Es war ein großartiger Sommernachmittag. Das begann schon mit dem Anblick von Andreas Neuendorf, der vor Beginn so gelassen über den Platz zu der Betreuerbank schritt, wie das einst Ronald Reagan für den Gang in den Sonnenuntergang des Lebens verheißen hatte. Das Spiel selbst war spannend und in vielerlei Hinsicht interessant: Die U15 spielte mit einer Dreierkette, woraus man sicher nicht allzuviel ableiten muss, allerdings ist abzusehen, dass diese Systemfrage (Dreier- bis Fünferkette) bei den Profis in der kommenden Saison wichtig werden wird - es könnte das Jahresthema werden, auch deswegen, weil daran die Frage nach einer Verbesserung der schwachen Offensivarbeit im zentralen Mittelfeld hängen kann.

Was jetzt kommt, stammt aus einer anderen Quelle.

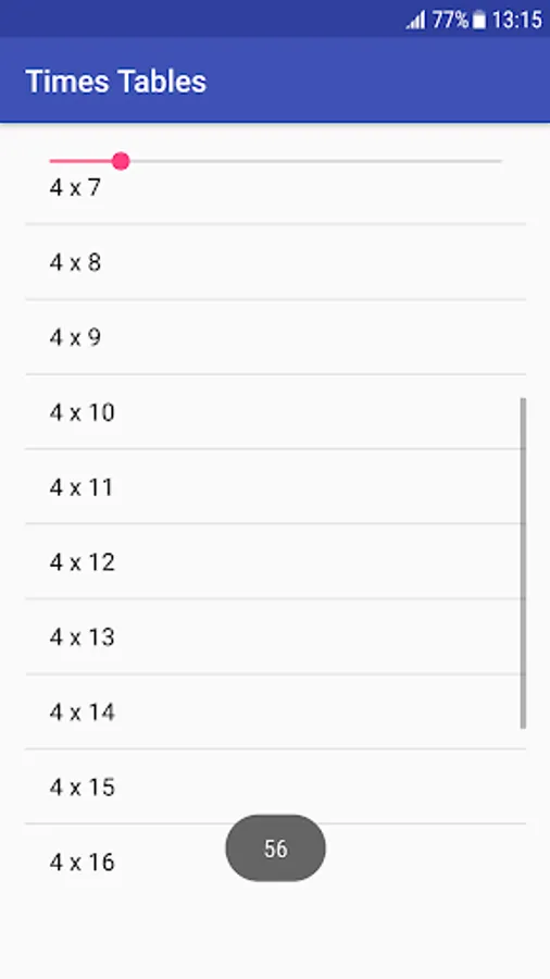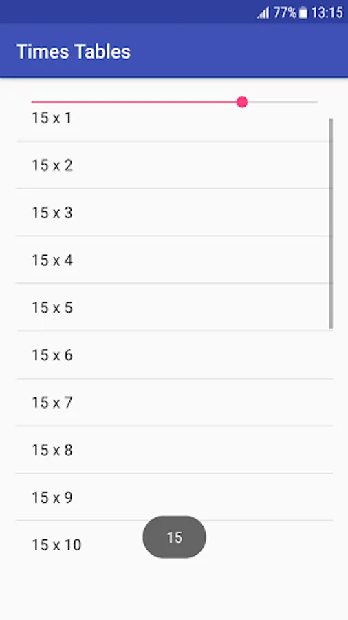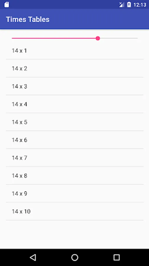 Just slide through the tables with the slider at the top, and tap to see the answer of any of the multiplications.

Ich schaue mir so ein Nachwuchsspiel nicht an wie ein Scout, deswegen liegt mir auch nicht daran, hier schon Hertha-Stars der Zukunft zu entdecken - wenn, dann fiel mir übrigens von allem ein Knirps bei den Dresdnern auf, der deutlich kleiner war als die meisten, der aber ein paar schöne Aktionen hatte: Adam Cicovsky aus Tschechien, ein Legionär also, ein offensiver Mittelfeldspieler, für eine hängende Spitze ist er einfach körperlich nicht weit genug, zumal die Herthaner fast durchwegs physisch überlegen waren.

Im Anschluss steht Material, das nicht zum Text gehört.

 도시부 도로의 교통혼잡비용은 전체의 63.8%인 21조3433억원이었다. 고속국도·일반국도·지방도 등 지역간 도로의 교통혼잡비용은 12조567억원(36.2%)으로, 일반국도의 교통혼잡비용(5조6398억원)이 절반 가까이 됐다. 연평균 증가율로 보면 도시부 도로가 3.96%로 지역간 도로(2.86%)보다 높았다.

Am Ende stand es 5:3, und dann gab es sogar eine Dusche für den Coach (mit Fanta?), und das obligate "We are the Champions", das in diesem Fall natürlich auch Sinn macht. Denn abgesehen von der prinzipiellen Freude, an einem so traumhaften Tag auf einem guten Rasen guten Fußball spielen zu können, lebt so ein Match natürlich von dem latent immer vorhandenen Zusammenhang: Wer es einmal bis in die U15 von Hertha oder Dresden geschafft hat, könnte eines Tages vielleicht noch in einem viel bedeutenderen Moment die Hymne von Queen hören. Dieser epische Aspekt am Fußball hat mich immer schon besonders fasziniert, weil das eben auch bedeutet, Nebenschauplätze genauso wichtig zu nehmen.

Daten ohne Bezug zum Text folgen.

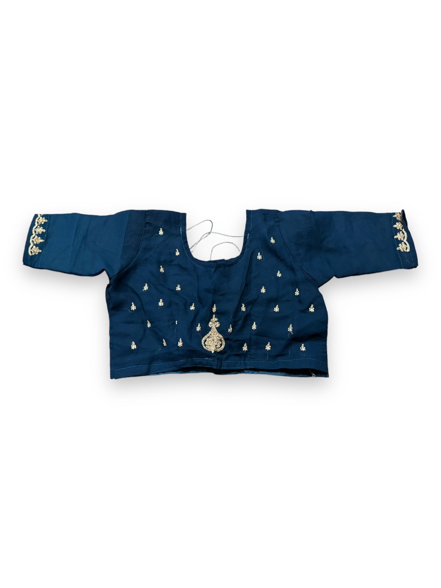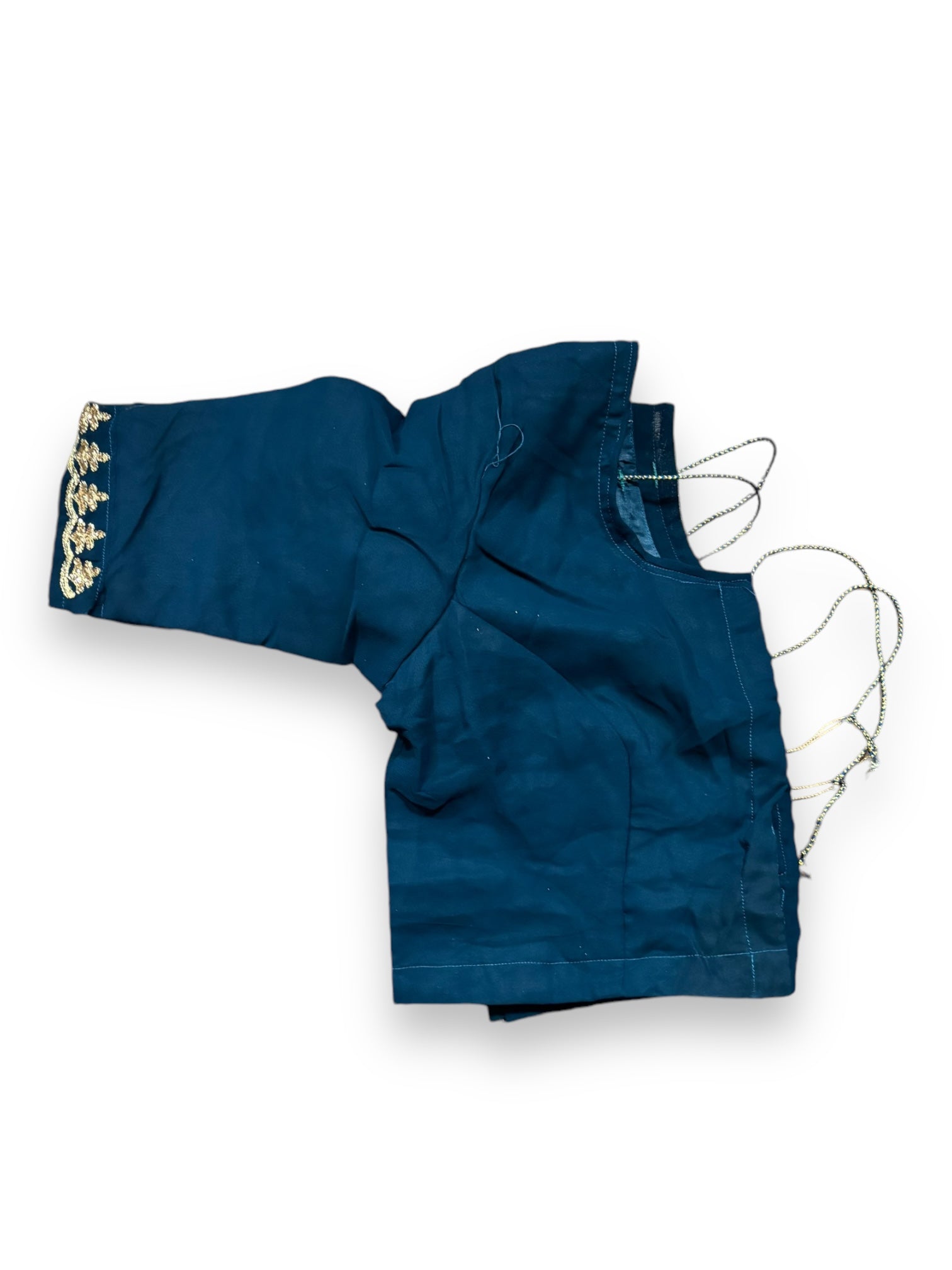 This saree comes with readymade blouse. Blouse size is 40. Chest measurement of the blouse is 40 inches.

Auf dem Weg nach Hause versuchte ich mir dann noch vorzustellen, wie das wäre, wenn in ein paar Jahren ein zweites Stadion in diesem großartigen Gelände des Olympiaparks stehen würde. Auch das wird ja noch eine epische Angelegenheit. Hoffentlich kommt da kein Blödsinn raus, aber ich würde es vorläufig einmal so sagen: Wenn auf den Platz vor die Gemäldegalerie und neben die Matthaikirche tatsächlich eine Kunsthalle mit den Ausmaßen des Entwurfs von Herzog und de Meuron passen soll, dann sollte ein Fußballstadion neben dem Olympiastadion sicher kein Problem sein. Im Gegenteil: der Entwurf ist so überzeugend, dass sich die anderen Überlegungen, das Oly umzubauen, doch im Grunde von selbst erübrigen müssten.